'''

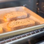- While the soup is simmering, slice the baguette into 1/2 inch slices and toast in a 400 degree oven for about 6 minutes, or until the edges are golden brown.
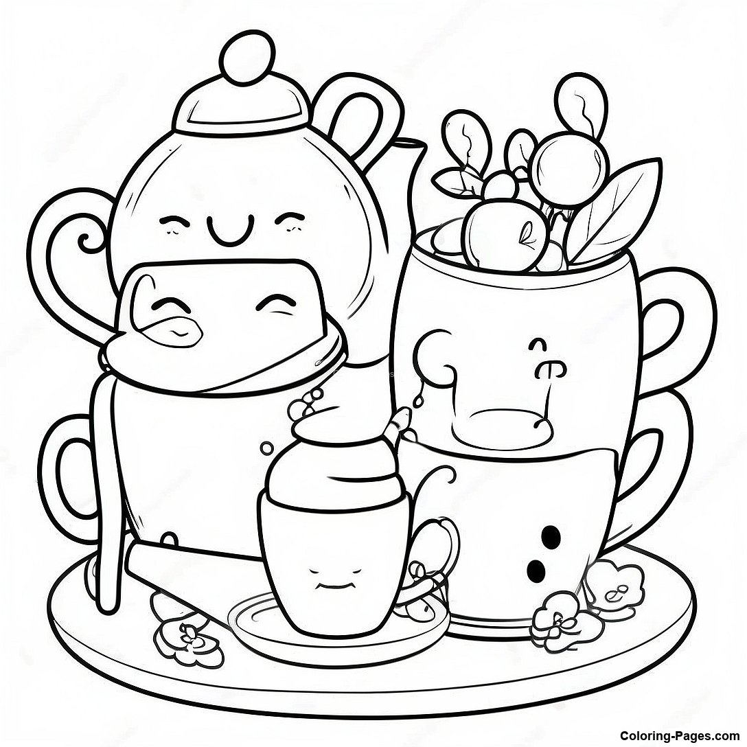 Download Printable PDF of Whimsical Tea Party Coloring Page
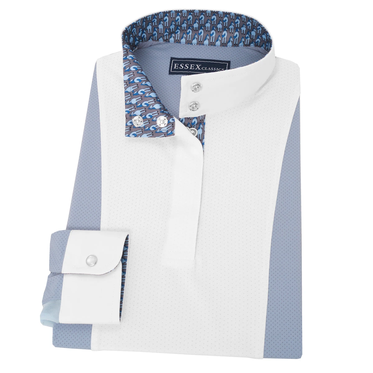 New this season, our Luna Performance show shirts artfully combine the classic good looks of a crisp white shirt in the show ring with a colorful appeal. Paired with a show coat, the white front panel, collar, and cuffs make a crisp, clean presentation in the ring. Without a coat, the color body provides a flattering feminine silhouette and the practical advantage of staying clean throughout the day. Expertly tailored of high-performance, moisture-wicking fabric with all the fine details you expect from Essex Classics, Luna is now available in 5 colors and a selection of fun trim options.

'''

▶ **Required action**:
Keep the pictures out, and write out the rest of the data above word for word.

▶ **Solution to this task**:
- While the soup is simmering, slice the baguette into 1/2 inch slices and toast in a 400 degree oven for about 6 minutes, or until the edges are golden brown.
 Download Printable PDF of Whimsical Tea Party Coloring Page
 New this season, our Luna Performance show shirts artfully combine the classic good looks of a crisp white shirt in the show ring with a colorful appeal. Paired with a show coat, the white front panel, collar, and cuffs make a crisp, clean presentation in the ring. Without a coat, the color body provides a flattering feminine silhouette and the practical advantage of staying clean throughout the day. Expertly tailored of high-performance, moisture-wicking fabric with all the fine details you expect from Essex Classics, Luna is now available in 5 colors and a selection of fun trim options.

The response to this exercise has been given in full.